Berrios, 235 S.W.3d at 109 (internal citations and quotations omitted).
"`A consent to search that is preceded by an illegal seizure is not "fruit of the poisonous tree" if the consent is both: 1) voluntary, and 2) not an exploitation of the prior illegality.'" Garcia, 123 S.W.3d at 346 (citing Wayne LaFave, 3 Search and Seizure § 8.2(d) at 656 (3d ed. 1996)). When determining whether a voluntary consent is sufficiently attenuated from an unlawful seizure, we are guided by the following factors: "1) the temporal proximity of the illegal seizure and consent; 2) the presence of intervening circumstances; and 3) the purpose and flagrancy of the official misconduct." Id. at 346. The Tennessee Supreme Court has also recognized that "`[a] brief time lapse between a Fourth Amendment violation and consent often indicates exploitation [of the prior illegal police action] because the effects of the misconduct have not had time to dissipate.'" Id. (quotingState v. Hansen, 63 P.3d 650, 666 (Utah 2002)). After applying the above factors to the circumstances of this case, we conclude that the consent to search was not sufficiently attenuated from the illegal detention and is therefore presumptively tainted by the illegal detention. Berrios, 235 S.W.3d at 110.

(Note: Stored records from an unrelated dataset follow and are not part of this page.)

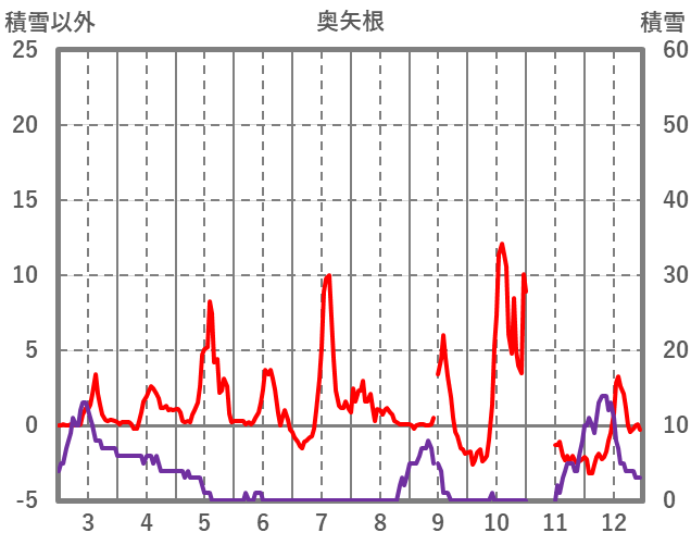 | 日 | 時 | 気温 | 降水 | 風向/風速 | 日照 | 積雪 | 降雪 |
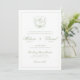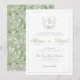 The front features a classic white layout framed by a soft sage border, adorned with a delicate botanical crest and monogram wreath, perfect for showcasing your wedding details in a clean, sophisticated style. The typography blends graceful script with refined serif fonts for a formal yet airy look. The back of the invitation is finished with a soft sage leafy pattern, adding depth, texture, and a coordinated botanical touch that feels both natural and luxurious.
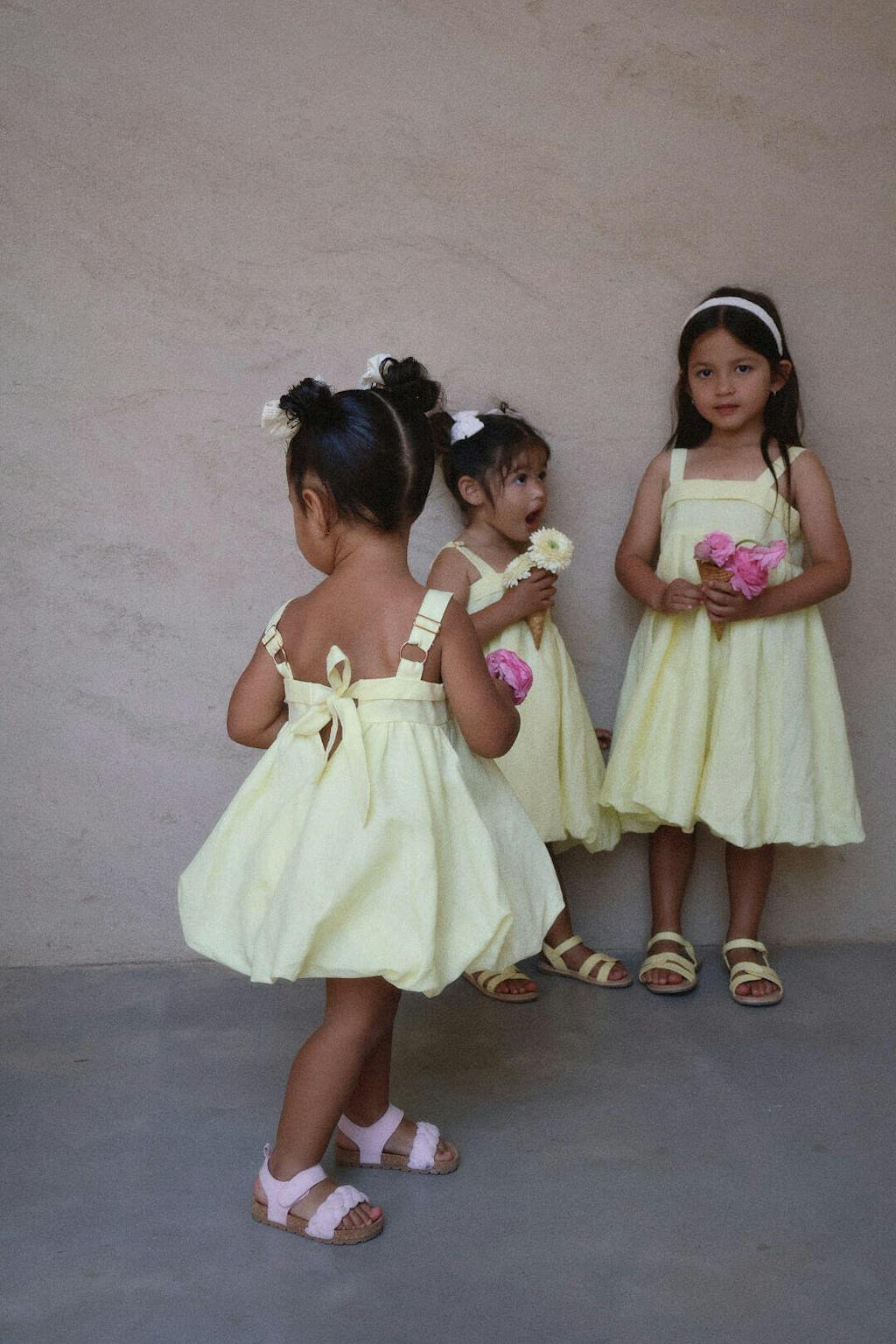 Our gorgeous lemon baby doll dress is made from 100% soft linen in a beautiful pastel lemon colour. Showcasing a mini bubble skirt, fixed waist and cut out detailing at the back with a gorgeous tie up bow. Its both dainty and elegant in its design. This dress is perfect for every occasion and features high quality gold coloured hardware which makes the straps adjustable to compliment longevity of wear.

Here, the consent to search the vehicle was given while Simmons was unlawfully detained. As previously stated, we disagree with the trial court's conclusion that the initial stop lasted no more than thirteen (13) minutes after Deputy Rice approached the vehicle. Deputy Rice plainly testified that (1) he was on the scene at least fifteen (15) minutes before requesting consent; and (2) the other deputies responded to his assistance call within ten (10) minutes. Deputy Evans explained that the consent was obtained in "just a matter of a few minutes" after directing the driver out of Deputy Rice's vehicle. Based on these facts, there was no temporal separation between the illegal detention and the consent. We likewise note that there were no intervening circumstances separating the two events. In regard to "the purpose and flagrancy of the official misconduct," Deputy Rice did not articulate any reason, other than the occupants' prior criminal history with drugs and their nervous behavior, for the detention. Accordingly, we believe the purpose of the extended detention was for the detection of illegal drugs rather than the enforcement of the traffic laws. Berrios, 235 S.W. 3d at 110. Based on the above analysis, the consent to search the vehicle was obtained as a direct result of the illegal detention. Therefore, we conclude that any evidence seized as a result should have been suppressed as "fruit of the poisonous tree." Wong Sun v. United States, 371 U.S. 471, 83 S.Ct. 407(1963).
CONCLUSION
We conclude that Simmons' detention was excessive in violation of the Fourth Amendment and therefore illegal. Because the consent to search the vehicle was not sufficiently attenuated from the illegal detention we also conclude the evidence seized as a result of the unconstitutional search of the vehicle should be suppressed. Accordingly, the judgment of the trial court is reversed and the case is remanded for proceedings consistent with this opinion.